Ketupat berbentuk segi empat
melambangkan empat arah mata angin (kiblat papat). Maksudnya dari empat
penjuru mata angin manusia ada yang menjaga dan mengikuti yang dikenal dengan
sebutan sedulur papat dalam pandangan kosmologi manusia
Nusantara.
“Pandangan ini kemudian digunakan
untuk mentrasformasikan ajaran Islam mengenai adanya malaikat pencatat amal
yang selalu mengikuti perjalanan hidup manusia,” kata Zastrouw.
Selain itu segi empat juga memiliki makna yang lain. Laku empat ada dalam tradisi
kupatan, yakni:
1) Lebaran
(sudah usai, menandakan berakhirnya waktu puasa),
2) Luberan
(meluber atau melimpah, ajakan bersedekah untuk kaum miskin dalam kewajiban
pengeluaran zakat fitrah),
3) Leburan
(sudah habis dan lebur. Dosa dan kesalahan akan melebur habis karena setiap
umat Islam dituntut untuk saling memaafkan satu sama lain,
4)
Laburan (berasal dari kata labur,
dengan kapur yang biasa digunakan untuk penjernih air maupun pemutih dinding.
Maksudnya supaya manusia selalu menjaga kesucian lahir dan batinnya).
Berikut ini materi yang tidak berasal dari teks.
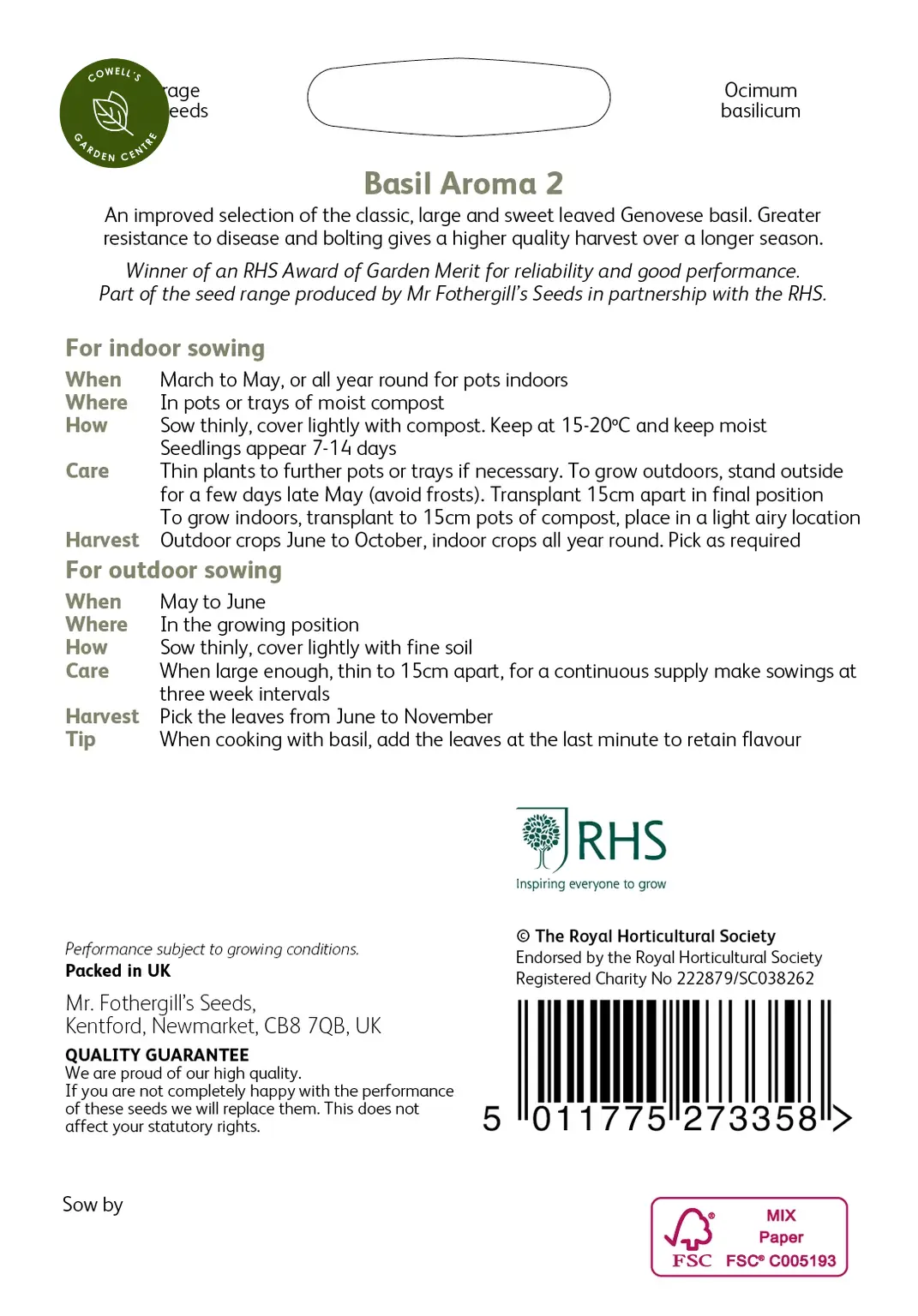 An improved selection of the classic, large and sweet leaved Genovese basil. Greater resistance to disease and bolting gives a higher quality harvest over a longer season. Winner of an RHS Award of Garden Merit for reliability and good performance. Part of the seed range produced by Mr Fothergill’s Seeds in partnership with the RHS.

Selain dalam kosmologi Jawa juga
ada istilah limo pancer sebagai pengendali dan pusat
dari sedulur papat. Limo pancer bermakna diri
pribadi manusia itu sendiri beserta seluruh amal perilakunya.
Oleh
para wali kemudian disimbolisasikan dengan lepet yang menjadi
pasangan dari kupat. Lepet
=
silep kang rapet. Mangga
dipun silep ingkang rapet, mari kita kubur/tutup yang rapat. Jadi setelah ngaku lepat,
meminta maaf, menutup kesalahan yang sudah dimaafkan, jangan diulang lagi, agar
persaudaraan semakin erat seperti lengketnya ketan dalam lepet.
Tradisi kupatan
tidak hanya disajikan kupat sama lepet, tetapi dilengkapi juga dengan lontong
dan opor sebagai pelengkapnya, itupun juga memiliki makna yang sangat medalam.
Kata lontong berasal dari
bahasa Jawa “Olone dadi kothong” atau jika diartikan ke dalam bahasa Indonesia
berarti “Kejelekannya sudah tidak ada lagi atau hilang”.
Biasanya, ketupat disajikan bersama
opor ayam. Ini pun ternyata ada makna filosofisnya. Opor ayam menggunakan
santan sebagai salah satu bahannya. Santan, dalam bahasa Jawa disebut dengan santen yang mempunya
makna “pangapunten” alias memohon maaf.